• [What you need to do]:
For this exercise, output the entries below exactly from the line that holds "Description: This chart" to the line that holds "Dónde (MS): representa", both ends included. No pictures belong in the copy.

• [Provided entries]:
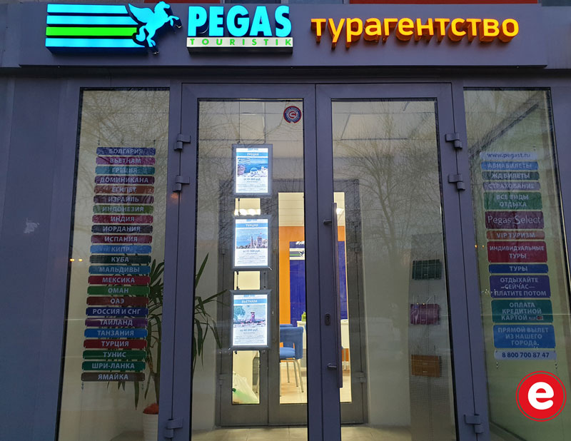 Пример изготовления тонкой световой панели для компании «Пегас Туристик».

* * *

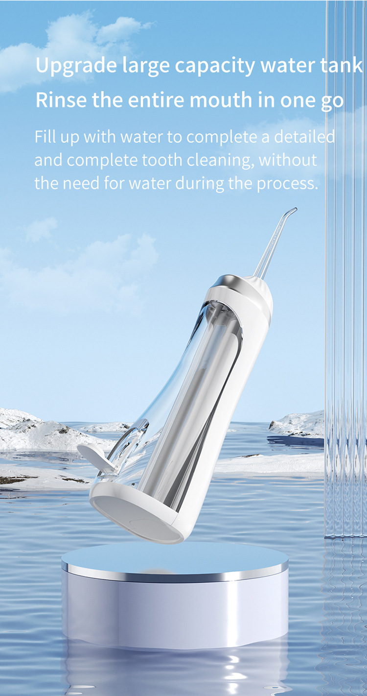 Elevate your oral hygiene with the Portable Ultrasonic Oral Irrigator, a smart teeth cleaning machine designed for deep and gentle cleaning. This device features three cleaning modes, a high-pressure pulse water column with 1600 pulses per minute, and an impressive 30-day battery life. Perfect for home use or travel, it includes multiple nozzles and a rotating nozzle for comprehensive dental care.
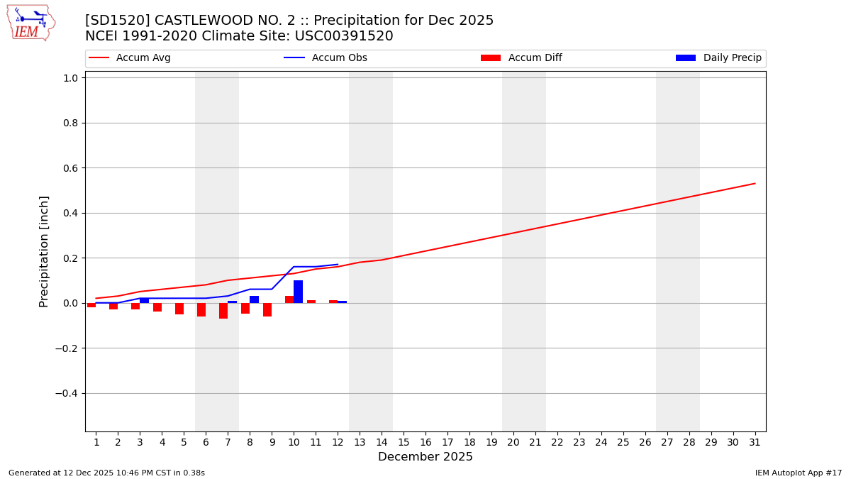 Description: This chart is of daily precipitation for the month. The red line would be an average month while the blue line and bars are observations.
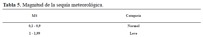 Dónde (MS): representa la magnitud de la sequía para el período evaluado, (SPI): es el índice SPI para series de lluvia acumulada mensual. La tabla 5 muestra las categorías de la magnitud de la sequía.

• [Answer box]:
 Description: This chart is of daily precipitation for the month. The red line would be an average month while the blue line and bars are observations.
 Dónde (MS): representa la magnitud de la sequía para el período evaluado, (SPI): es el índice SPI para series de lluvia acumulada mensual. La tabla 5 muestra las categorías de la magnitud de la sequía.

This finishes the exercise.